§ **Extracted records**
------------------------------------------------------------------------

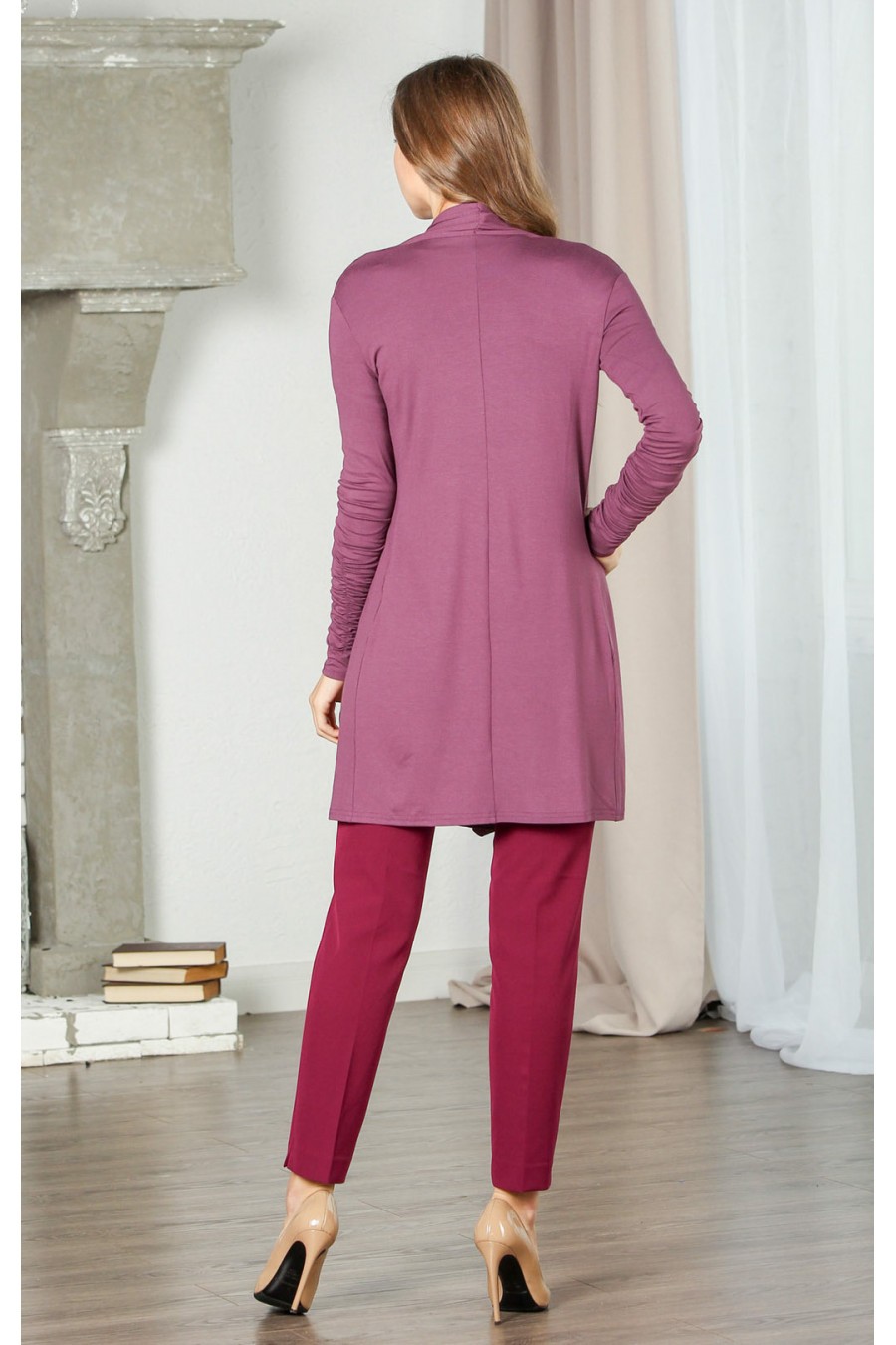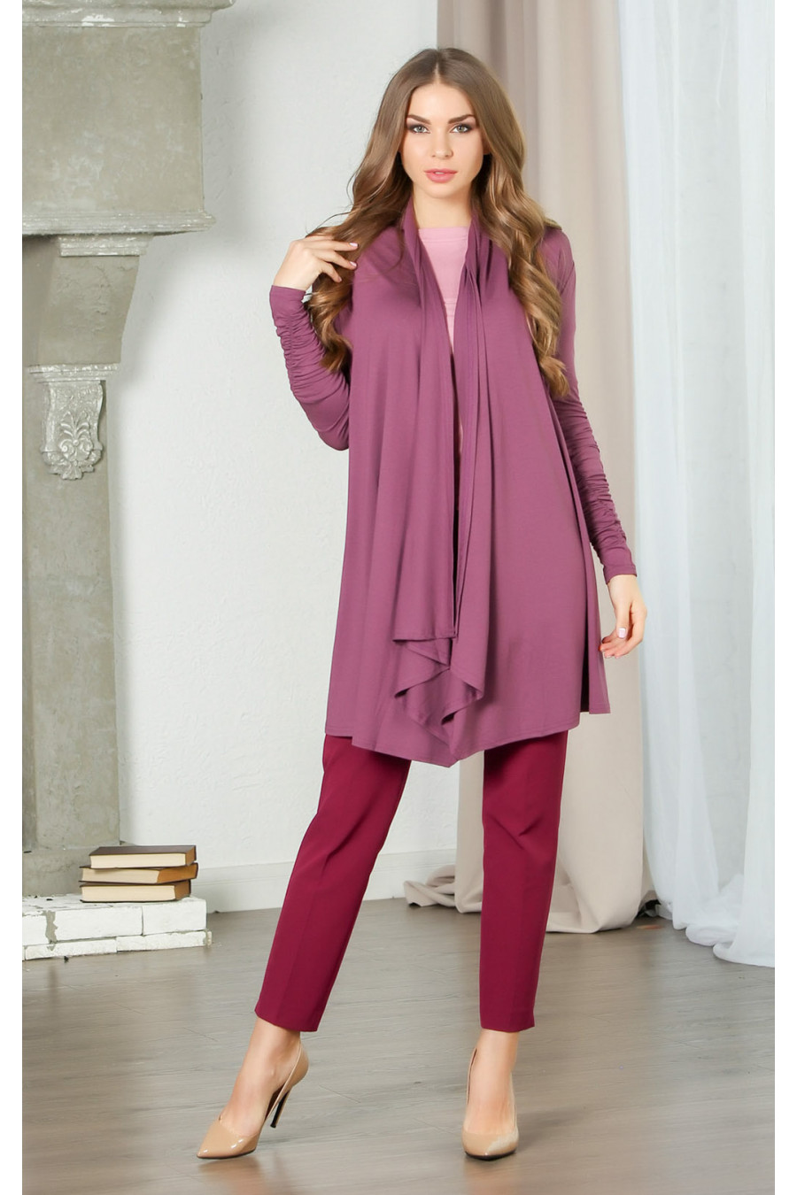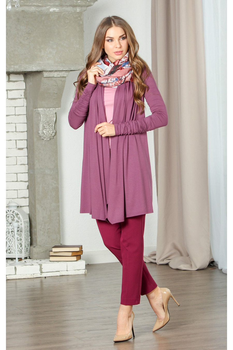 Удлинённый кардиган без застежки с длинным рукавом, драпированным мелкими складками. Отлично сочетается с любыми брюками, джинсами, платьями, юбками и шортами. Главное не забыть подчеркнуть линию талии тонким ремешком, тогда ассиметричные полы кардигана будут смотреться женственно и гармонично.
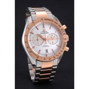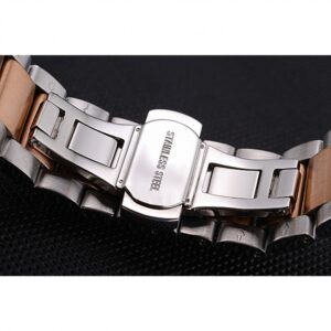 Brushed stainless steel and 18k rose-gold plated link bracelet with Omega logo push-release clasp |
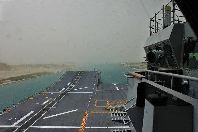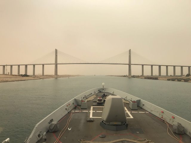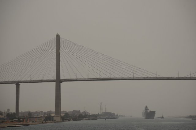 En el curso del periplo entre la Base Naval de Rota (Cádiz) y el puerto kuwaití de Shuaiba, donde está Camp Sperhead, gran base logística del US Army donde se pondrán en vuelo los helicópteros, la Armada informó el 11 de mayo que ambos buques habían cruzado el Canal de Suez. En las imágenes puede verse al LHD pasando bajo el macro puente del Canal de Suez, también llamado de la Amistad entre Japón y Egipto, ya que fue principalmente financiado por el Gobierno de Tokio e inaugurado en 2001, consiguiendo una mejor comunicación del Sinaí por carretera, a la altura de las localidades egipcia de Al-Qantara el-Sharqiyya. Aunque franquear los 163 kilómetros de longitud que tiene el Canal parece una cosa rutinaria, todos los navíos que lo hacen toman medidas extras de seguridad ante el riesgo de atentados terroristas, un riesgo que ha aumentado desde hace años por la creciente presencia de terroristas islámicos en el Sinaí vinculados al Daesh.
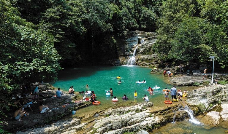 龍山縣洛塔鄉的山谷間,蔥郁林木環抱一汪碧潭,游客在水中放松避暑。 團結報全媒體記者 楊賢清 攝
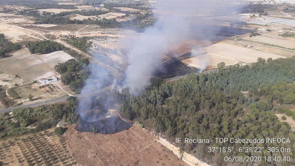 El dispositivo para la prevención y extinción de incendios forestales en Andalucía (Plan Infoca) trabaja desde las 18,10 horas en sofocar el fuego, declarado en el paraje Cañada Navarro de la mencionada localidad onubense.
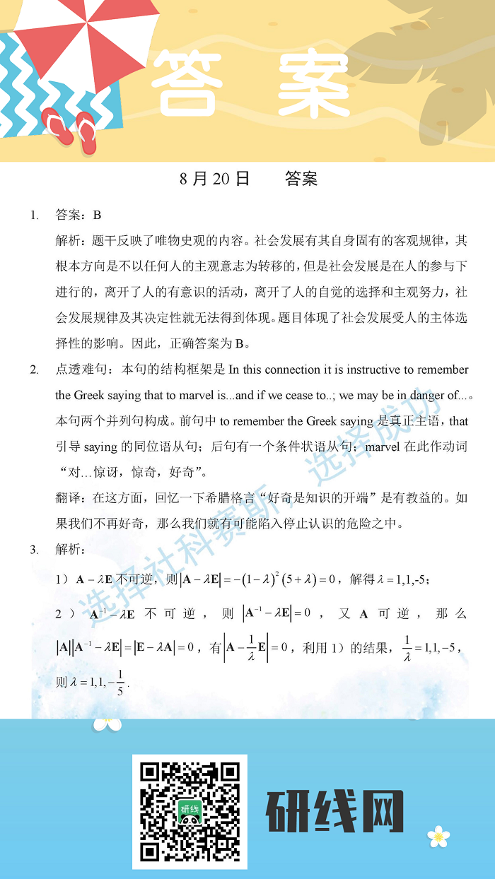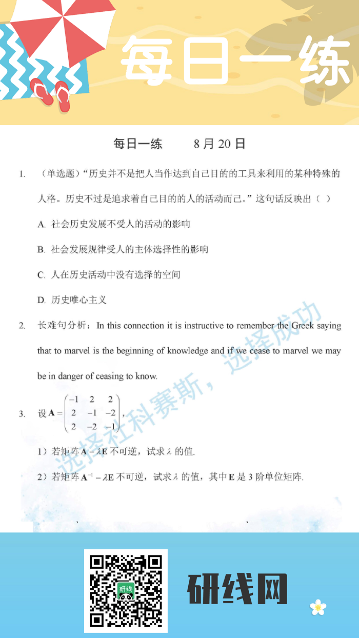 8月20日:2020考研學碩每日一練以及答案
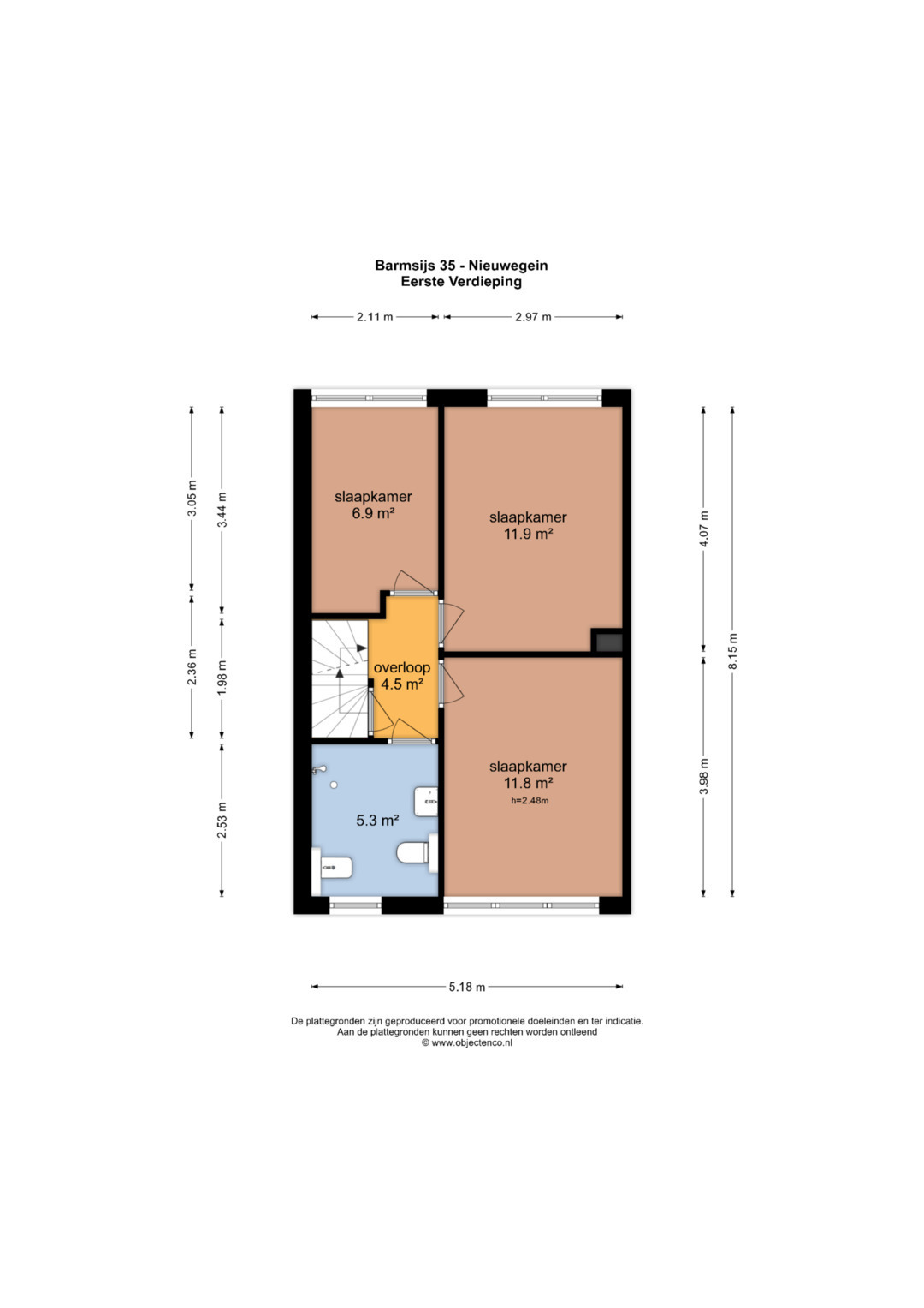 1e Verdieping: Overloop met toegang tot drie keurige slaapkamers van respectievelijk circa 11,9 m², 11,8 m² en 6,9 m². De badkamer is opvallend ruim en voorzien van een inloopdouche, zwevend toilet, bidet, wastafel en een designradiator.

------------------------------------------------------------------------

§ **TASK**
Set the pictures aside and restate word for word only the lines from the line containing "龍山縣洛塔鄉的山谷間,蔥郁林木環抱一汪碧潭,游客在水中放松避暑。 團結報全媒體記者 楊賢清" through the end of the entries above, both included.

§ **EXERCISE RESPONSE**
 龍山縣洛塔鄉的山谷間,蔥郁林木環抱一汪碧潭,游客在水中放松避暑。 團結報全媒體記者 楊賢清 攝
 El dispositivo para la prevención y extinción de incendios forestales en Andalucía (Plan Infoca) trabaja desde las 18,10 horas en sofocar el fuego, declarado en el paraje Cañada Navarro de la mencionada localidad onubense.
 8月20日:2020考研學碩每日一練以及答案
 1e Verdieping: Overloop met toegang tot drie keurige slaapkamers van respectievelijk circa 11,9 m², 11,8 m² en 6,9 m². De badkamer is opvallend ruim en voorzien van een inloopdouche, zwevend toilet, bidet, wastafel en een designradiator.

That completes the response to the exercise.